An unarmed and civilian program whose workers would respond to many calls for service in place of town police officers is being proposed by the Community Safety Working Group. The group is also proposing a robust Civilian Oversight Board to monitor police. At its meeting this week, the working group, created by the Town Council to address racial inequities in policing, finalized the idea of creating a Community Response for Equity, Safety and Service, or CRESS program, at a cost of $2.2 million. The seven-member panel approved the recommendations unanimously. Their proposal is going to Town Manager Paul Bockelman as he prepares the fiscal year 2022 municipal budget that will be delivered to the Town Council for its May 3 meeting. (Daily Hampshire Gazette).

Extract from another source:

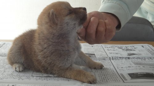 初めて見学で伺った際に、並んで日向ぼっこをしている親犬たちを見て、その時点で高橋さんなら安心だと感じました。事前に希望していたこともあり、母犬と父犬を先に見せていただきましたが、母犬のあまりの人懐こい性格にやられてしまい、実は子犬を見る前に是非譲っていただこうという気持ちになっておりました。 見学の時、譲渡の時といろいろな話をさせてもらい、小さな気付きなども折り込んで教えてもらえるのでやはり柴犬ならこうした専門の方が信頼出来ます。 子犬が我が家に来て二週間が経ち、きょうだいのなかでも一回り小さかったこともあり、やはり成長もやや遅い感じではありますが、母性を刺激された先住犬が頑張って見守ってくれており、予想外ではあるものの家族全員一安心です。 この度は本当にありがとうございました。この子が幸せになれるよう精一杯向き合っていきます。 なお、今後検討されている方への注意事項をひとつだけ書いておきます。問い合わせや見学希望に対しての高橋さんからの返信は電話です。メールでの返信ではありませんので気を付けてください。(宮城県 男性)

Public Tells Northampton City Council It’s Time To Act On Policing by Brian Zayatz (4/25/21). At the April 15th meeting of the Northampton City Council, members of the public turned out to speak to the Councilors’ mandate for police reform, the proposed new animal control facility, and other topics. Twenty-nine speakers called on the Mayor and City Council to cut the police budget by 50% in the upcoming FY2022 budget draft and fund the creation of a new Department of Community Care, as recommended by the Policing Review Commission. One speaker identified herself as a former Servicenet worker who witnessed the ways that police used brutality against her mentally ill clients. She spoke about her current work with people with alzheimers and dementia, and how police routinely respond inappropriately with this group, as well (the following day, video was released of a 2020 incident in which police in Colorado hog-tied a woman with dementia who had been picking flowers). (The Shoestring)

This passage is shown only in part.